At Work and Have 5 Minutes to Find Something Good for Dinner Tonight?

If you're like me, it's often in that hour or so before lunch that your thoughts turn to food. Since what I have for lunch is never very exciting, I usually find myself heading for the web to find something new and fun--and healthy and cheap--and preferably with ingredients I already have--to make for dinner. Here are some of my favorite places to go, and some other great recommendations I've gathered along the way.

Online Recipe Sources:

  • Many rave reviews for the Six o'Clock Scramble, a weekly email newsletter that "provides five family-tested dinner recipes and a corresponding grocery list to its subscribers. Most take 30 minutes or less to prepare and have fewer than ten ingredients." Six months of menus and grocery list for $26.50.
  • Along the same idea, menu-mailers from Leanne Ely at Saving Dinner. This one includes 6 recipes each week, and you can select a "theme" (vegetarian, frugal, crock pot, heart-healthy, etc.) for your recipes. Her site has lots of freebies as well. She doesn't provide the grocery list, and a 6 month subscription costs $17.95. A 3 month trial subscription is $9.95.
  • For a free weekly newsletter, try Eating Well, which also has searchable recipe archives. Here's a sampler of their Seasonal Desserts.
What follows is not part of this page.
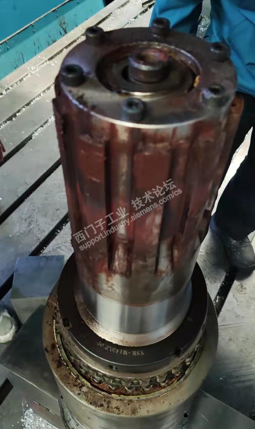 将主轴拆除后发现主轴轴承已严重缺油,打刀垫片脱出,找到故障原因,拆除上部油缸时碟簧处于压缩状态,将上部油缸拆除将垫片弹飞。再次安装时垫片未就位,导致故障依旧。如图

Okay, desserts aren't exactly the point here, but what's a good dinner without a good dessert to follow?
  • Moosewood Restaurant Cookbook and online recipe archive is a good source for low-fat, often vegetarian recipes.
  • My fave TV channel (or one of them!), The Food Network. If you're a fan of The Next Food Network Star, here's where to find the recipes they made this season.
  • www.allrecipes.com is also a great site with good search capabilities--you can even list the ingredients you want to use, and the ones you don't want, and see what pops up. So, if you want a great quiche recipe but hate mushrooms, just list eggs as an ingredient you want and mushrooms as one you don't, and voila!
  • Try the advanced search at www.cookinglight.com. They have zillons (okay, thousands at least) of delicious, healthy recipes.
  • If you're looking for fancier fare, try Epicurious, the online home of Gourmet and Bon Appetit magazines. Or head over to the Epicurean recipe exchange--search by main ingredients here as well, always helpful.